The answer is to be the lines below that lie between the line holding "Plateforme Gonflable Flottante" and the line holding "Michigan Mouth stacks", inclusive, transcribed exactly and free of pictures.

Supplied information:
──────────────────────────────
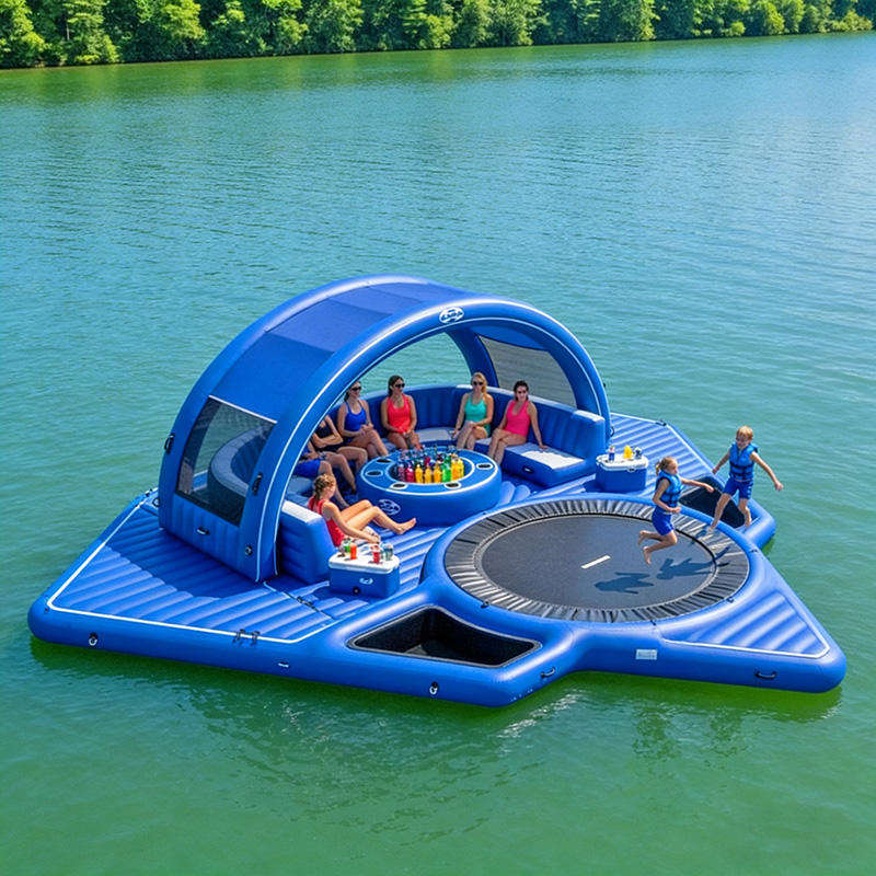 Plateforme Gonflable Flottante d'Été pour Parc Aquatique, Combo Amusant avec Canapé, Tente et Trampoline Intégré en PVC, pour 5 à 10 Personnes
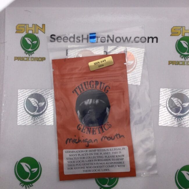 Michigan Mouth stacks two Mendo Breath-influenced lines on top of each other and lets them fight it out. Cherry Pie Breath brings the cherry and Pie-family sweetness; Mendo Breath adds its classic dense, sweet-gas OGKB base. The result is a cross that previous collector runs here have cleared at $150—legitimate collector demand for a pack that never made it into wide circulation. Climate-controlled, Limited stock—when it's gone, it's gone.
──────────────────────────────
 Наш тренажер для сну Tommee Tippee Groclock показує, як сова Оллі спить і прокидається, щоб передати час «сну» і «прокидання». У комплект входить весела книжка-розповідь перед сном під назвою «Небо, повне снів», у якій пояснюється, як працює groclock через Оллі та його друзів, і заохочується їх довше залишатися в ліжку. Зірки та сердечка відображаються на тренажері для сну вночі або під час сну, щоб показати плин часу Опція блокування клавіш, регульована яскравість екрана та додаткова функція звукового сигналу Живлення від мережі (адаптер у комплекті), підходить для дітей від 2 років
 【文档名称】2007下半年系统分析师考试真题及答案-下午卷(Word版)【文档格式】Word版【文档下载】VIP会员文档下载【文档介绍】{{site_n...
──────────────────────────────
Expected output:
 Plateforme Gonflable Flottante d'Été pour Parc Aquatique, Combo Amusant avec Canapé, Tente et Trampoline Intégré en PVC, pour 5 à 10 Personnes
 Michigan Mouth stacks two Mendo Breath-influenced lines on top of each other and lets them fight it out. Cherry Pie Breath brings the cherry and Pie-family sweetness; Mendo Breath adds its classic dense, sweet-gas OGKB base. The result is a cross that previous collector runs here have cleared at $150—legitimate collector demand for a pack that never made it into wide circulation. Climate-controlled, Limited stock—when it's gone, it's gone.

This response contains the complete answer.